**Your objective**
Copy each line below word for word and drop every image.
[[ Exercise data open ]]
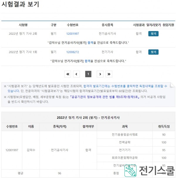 1회차 전기기사 필기 고득점으로 합격 후 공사기사도 빠른시일내로 취득하고싶어서 과목면제 받지 않고 바로 시험봤는데 매우 쉽게 느껴졌습니다 ㅎㅎ 특히 이번에 어려웠다던 회로이론이나 전기기기도 문제 푸는데 재밌게만 느껴졌습니다! 1회차 전기기사 실기는 공사기사 필기와 같이 준비하느라 시간이 많이 부족해서 실기이론교재 2회독에 과년도 7개년밖에 하지 못하였는데도 기술사님께서 실기강의 때 가르쳐주신 이론과 필기 때 열심히 해둔 이론덕에 74점으로 합격한거 같습니다! 필기강의 때 필기를 열심히 해둬야 한다는 말씀 듣고 빡세게 했던 것이 합격에 큰 영향을 준 것 같습니다. 공사기사 실기도 다이렉트로 합격하겠습니다! 감사합니다 ㅎㅎ
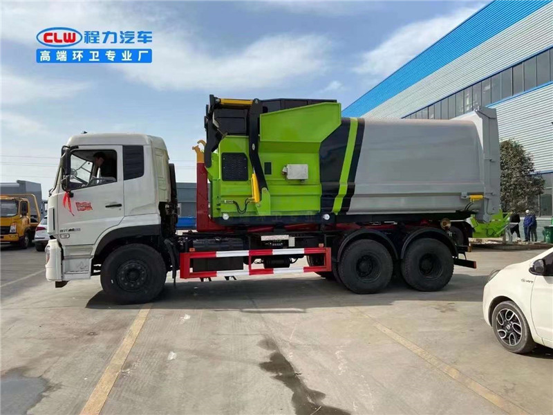 天龍后雙橋勾臂垃圾車配備18方移動壓縮垃圾站
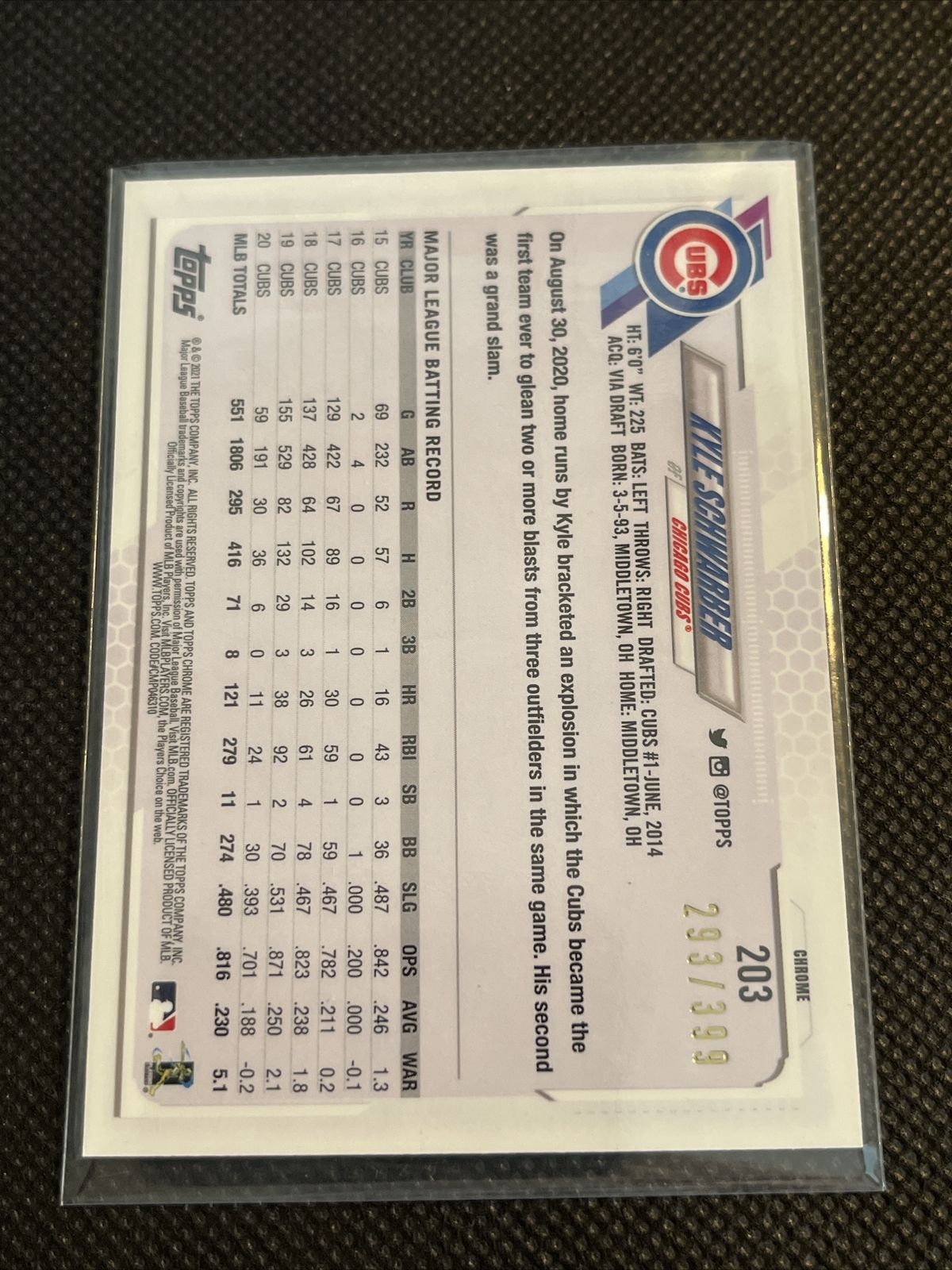 2021 Topps Chrome Megenta Refractor #203 Kyle Schwarber #/399 Chicago Cubs
[[ Exercise data closed ]]
**Response below**
 1회차 전기기사 필기 고득점으로 합격 후 공사기사도 빠른시일내로 취득하고싶어서 과목면제 받지 않고 바로 시험봤는데 매우 쉽게 느껴졌습니다 ㅎㅎ 특히 이번에 어려웠다던 회로이론이나 전기기기도 문제 푸는데 재밌게만 느껴졌습니다! 1회차 전기기사 실기는 공사기사 필기와 같이 준비하느라 시간이 많이 부족해서 실기이론교재 2회독에 과년도 7개년밖에 하지 못하였는데도 기술사님께서 실기강의 때 가르쳐주신 이론과 필기 때 열심히 해둔 이론덕에 74점으로 합격한거 같습니다! 필기강의 때 필기를 열심히 해둬야 한다는 말씀 듣고 빡세게 했던 것이 합격에 큰 영향을 준 것 같습니다. 공사기사 실기도 다이렉트로 합격하겠습니다! 감사합니다 ㅎㅎ
 天龍后雙橋勾臂垃圾車配備18方移動壓縮垃圾站
 2021 Topps Chrome Megenta Refractor #203 Kyle Schwarber #/399 Chicago Cubs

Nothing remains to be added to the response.